Uma denúncia feita no VHS

Vitória se baseia em uma história real que muitos brasileiros desconhecem. Eu, moradora do sul do Brasil, confesso que não a conhecia antes de assistir ao filme. O roteiro de Paula Fiúza adapta o livro de 2006 reeditado em 2023, Dona Vitória Joana da Paz, de Fábio Gusmão, com uma abordagem direta, realista e comovente. A trama acompanha Dona Nina (representada por nosso ícone maior Fernanda Montenegro), uma aposentada comum de Copacabana que, cansada da impunidade, resolve filmar tudo que acontece bem em frente a janela de sua sala: tráfico, extorsão, conivência policial, violência explicita aliciação de menores para uso e venda de drogas.

Com a ajuda do jornalista Fabio Gusmão (Alan Rocha), o material vira denúncia, chega à imprensa e à polícia e desencadeia uma investigação real que culmina na prisão de dezenas de envolvidos.
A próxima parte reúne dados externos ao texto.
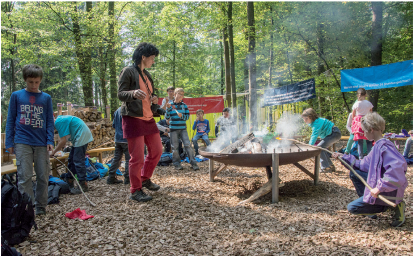
Schulkinder stärken sich an den Waldtagen bei der Feuerstelle des Waldwirtschaftsverbandes beider Basel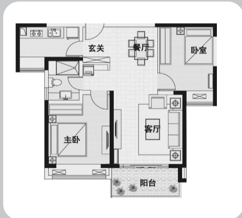
C-3 ( 115 平方米, 2 房 2 厅 1 卫 )

朝南户型, 格局方正, 实用紧凑 通透采光, 清风自由流动 厨房与餐厅守望相连, 美味生活充溢 客厅与主卧超大开间, 宽绰轩敞, 清新明亮 双卧均享观景大飘窗, 收纳风景, 定格绿意盎然的园林风光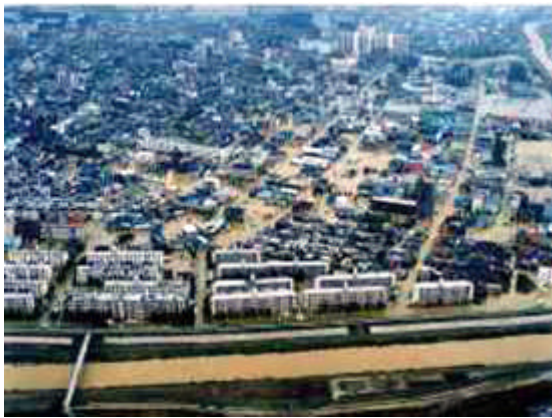
写真2.3.7 浸水した天白区の様子 10)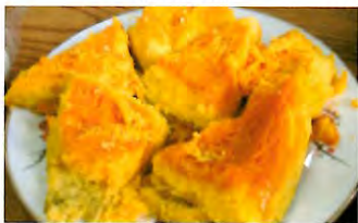
奥沢名物のカボチャ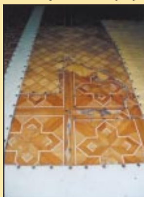
Stara posadzka w Gimnazjum Szczyrzycu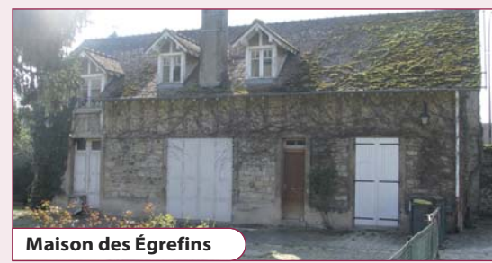
Maison des Égrefins

Un dossier complet et illustré de ces ventes est disponible au service urbanisme, 479bis rue de la Justice. Tél. : 01 64 10 46 96 ou auprès de Gérald Babillotte : 01 64 10 46 91. Le dossier est également consultable sur www.mairie-vaux-le-penil.fr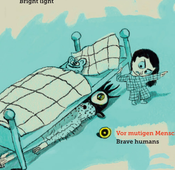
Vor mutigen Menschen Brave humans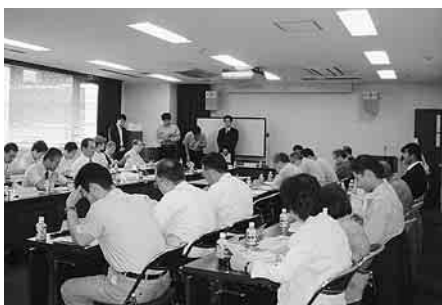
▲麻布地区の生活安全と環境を守る協議会の開催(麻布地区)

現在、区には230団体を超える町会・自治会があります。町会・自治会は、地域の皆さんが自主的に組織し運営する団体です。港区を安全で安心して暮らせるまちにするため、地域の連帯感を強めるという面で、非常に重要な役割を担っています。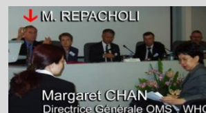
Margaret CHAN Directrice Générale OMS - WHO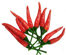
200 gramo ng sili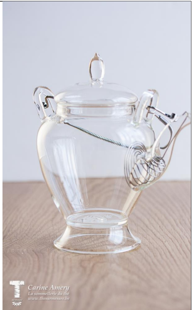
Théière 45 cl : 29€05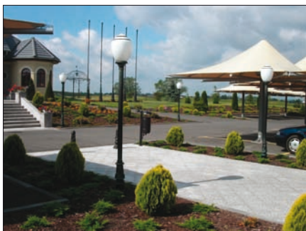
Obr. 1. Osvětlení relaxační zóny golfového areálu dekorativními svítidly Art Metal

Sport je činnost, při níž více než jinde rozhoduje zrakový vjem (snad kromě šachů, které lze hrát i z paměti). Proto se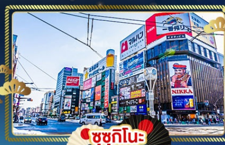
ซูซุกิโนะ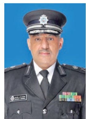
عبد الوهاب الوهيب

توجه وكيل وزارة الداخلية، اللواء عبد الوهاب الوهيب، إلى دولة قطر الشقيقة، أمس، لحضور ختام فعاليات التمرين التعاوني المشترك «أمن الخليج العربي 4». وقالت الوزارة، في بيان صحفي، إن التمرين يقام بمشاركة الأجهزة الأمنية بدول مجلس التعاون لدول الخليج العربية، في إطار تعزيز التعاون والتنسيق الأمني المشترك وتبادل الخبرات.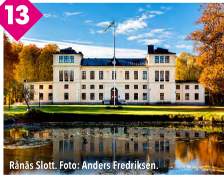
Rånäs Slott.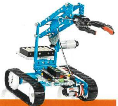
ROBOTIX maker ESO

ROBOTIX un proyecto completo para todas las etapas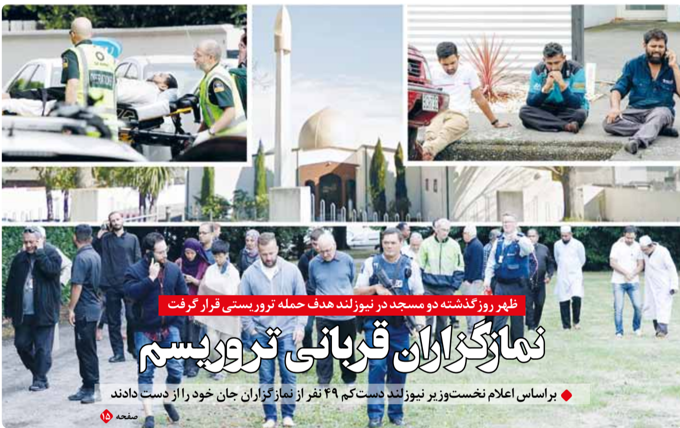
ظهر روز گذشته دو مسجد در نیوزلند هدف حمله تروریستی قرار گرفت

گروه سیاسی - محور اصلی خطبه‌های نماز جمعه این هفته موضوع گرانی‌ها و وضعیت معیشتی مردم بود. در واقع ائمه جمعه روی خطاب‌شان را به مسئولان به ویژه دولت قرار داده بودند و از آنها می‌خواستند تا برای بهبود شرایط فکر و تدبیری بیندیشند. ائمه جمعه تا پیش از این هرگاه به موضوع لوائح چهارگانه به ویژه پالرمو و Cft می‌رسیدند محال بود صحبتی از خیانت به کشور و متهم کردن حامیان آن مطرح نشود، اما دیروز باتوجه به دیدار

Só que o preço da coragem é alto para dona Nina — e o filme mergulha justamente nessa tensão entre moral, empatia, sobrevivência e exposição pessoal.
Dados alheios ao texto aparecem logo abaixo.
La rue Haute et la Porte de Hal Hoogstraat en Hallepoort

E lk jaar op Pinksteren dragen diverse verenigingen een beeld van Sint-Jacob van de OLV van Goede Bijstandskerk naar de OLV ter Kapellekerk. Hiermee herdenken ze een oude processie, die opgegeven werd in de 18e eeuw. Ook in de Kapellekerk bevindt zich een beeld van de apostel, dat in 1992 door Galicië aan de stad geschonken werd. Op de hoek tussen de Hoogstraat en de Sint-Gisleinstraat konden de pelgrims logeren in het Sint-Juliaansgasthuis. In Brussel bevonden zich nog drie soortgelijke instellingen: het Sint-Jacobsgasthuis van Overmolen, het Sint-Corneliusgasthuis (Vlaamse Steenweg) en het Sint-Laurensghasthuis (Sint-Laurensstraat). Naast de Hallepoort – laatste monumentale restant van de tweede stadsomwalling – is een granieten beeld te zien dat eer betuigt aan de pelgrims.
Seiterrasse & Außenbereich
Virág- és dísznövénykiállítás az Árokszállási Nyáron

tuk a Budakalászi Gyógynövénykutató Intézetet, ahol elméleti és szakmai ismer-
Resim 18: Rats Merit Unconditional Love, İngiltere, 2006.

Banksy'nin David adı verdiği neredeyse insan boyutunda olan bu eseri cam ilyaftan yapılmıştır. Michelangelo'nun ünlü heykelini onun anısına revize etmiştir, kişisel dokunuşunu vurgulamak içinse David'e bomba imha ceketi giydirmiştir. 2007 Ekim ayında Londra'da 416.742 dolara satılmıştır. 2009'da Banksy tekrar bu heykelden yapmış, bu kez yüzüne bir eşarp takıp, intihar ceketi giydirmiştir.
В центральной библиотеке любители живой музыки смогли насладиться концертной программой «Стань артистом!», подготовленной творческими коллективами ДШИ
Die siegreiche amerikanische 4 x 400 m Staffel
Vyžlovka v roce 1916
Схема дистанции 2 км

Fernanda Montenegro é um filme em si

Aos 95 anos, a maravilhosa Fernanda Montenegro nos entrega uma atuação contida, densa e precisa — como se cada palavra pesasse o suficiente para não desperdiçar nada e cada olhar tivesse a força de um gesto intenso. Sua Dona Nina carrega não só uma câmera, mas também a memória de um país que assiste à violência cotidiana com uma naturalidade dolorosa. A naturalidade de quem já banaliza atos atrozes por questões de sobrevivência e (relativa) sanidade mental.

A personagem real, Joana Zeferino da Paz, era negra, mas foi a própria Dona Vitória quem pediu que Fernanda Montenegro a interpretasse antes de partir para outro mundo em 2023. Mesmo assim, essa decisão não passou batida por críticos e redes sociais que questionaram a escolha de uma mulher branca para o papel.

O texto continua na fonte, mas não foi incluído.